◆ What the exercise asks
Below are the entries. Print only the lines starting at the one with "이처럼 리스크와 기회가" and ending at the one with "清華大學大石橋?qū)W生公", exactly, with no pictures.

◆ Data shown

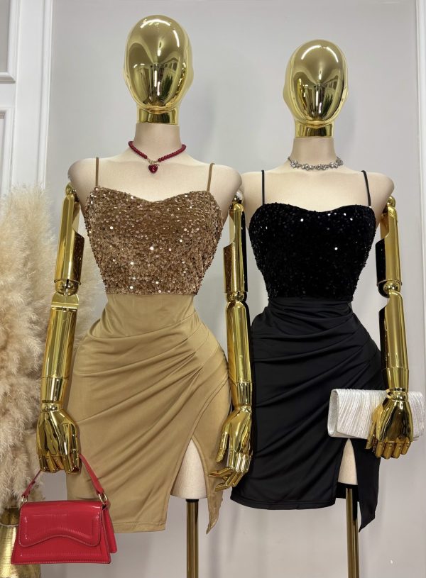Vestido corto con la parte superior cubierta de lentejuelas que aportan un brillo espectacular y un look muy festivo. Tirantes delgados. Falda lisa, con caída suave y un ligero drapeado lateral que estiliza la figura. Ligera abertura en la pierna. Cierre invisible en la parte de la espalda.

* * *

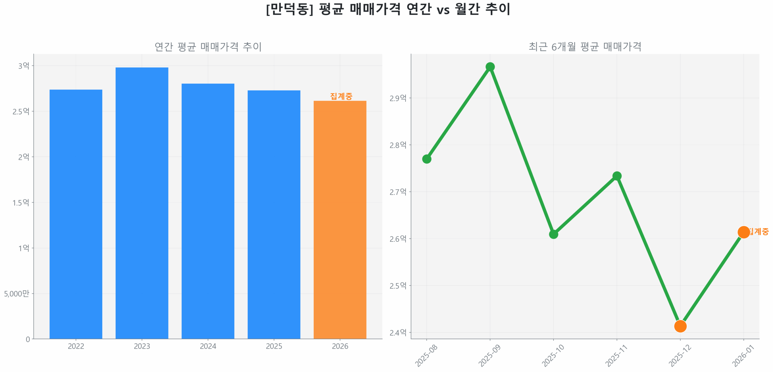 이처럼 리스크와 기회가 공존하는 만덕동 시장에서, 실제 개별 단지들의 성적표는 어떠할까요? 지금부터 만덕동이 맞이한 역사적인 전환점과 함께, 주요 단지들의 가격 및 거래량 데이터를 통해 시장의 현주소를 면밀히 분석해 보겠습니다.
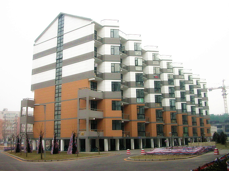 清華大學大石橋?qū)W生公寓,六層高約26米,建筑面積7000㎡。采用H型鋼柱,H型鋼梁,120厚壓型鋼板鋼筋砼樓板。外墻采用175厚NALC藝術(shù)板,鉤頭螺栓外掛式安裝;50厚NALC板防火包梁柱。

==

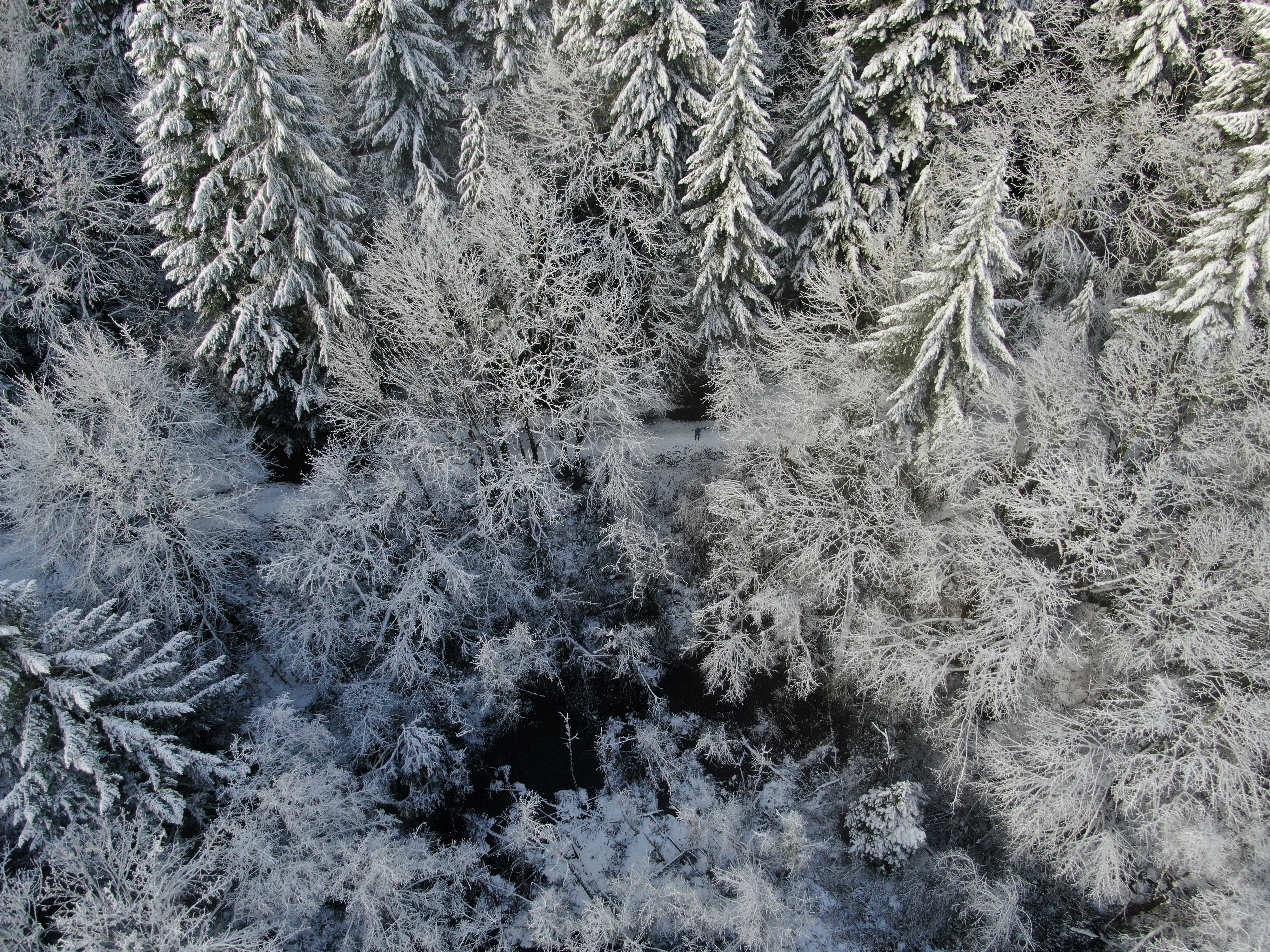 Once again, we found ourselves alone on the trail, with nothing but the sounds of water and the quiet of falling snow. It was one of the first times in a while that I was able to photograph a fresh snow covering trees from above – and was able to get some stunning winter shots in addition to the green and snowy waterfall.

◆ Answer to this problem
 이처럼 리스크와 기회가 공존하는 만덕동 시장에서, 실제 개별 단지들의 성적표는 어떠할까요? 지금부터 만덕동이 맞이한 역사적인 전환점과 함께, 주요 단지들의 가격 및 거래량 데이터를 통해 시장의 현주소를 면밀히 분석해 보겠습니다.
 清華大學大石橋?qū)W生公寓,六層高約26米,建筑面積7000㎡。采用H型鋼柱,H型鋼梁,120厚壓型鋼板鋼筋砼樓板。外墻采用175厚NALC藝術(shù)板,鉤頭螺栓外掛式安裝;50厚NALC板防火包梁柱。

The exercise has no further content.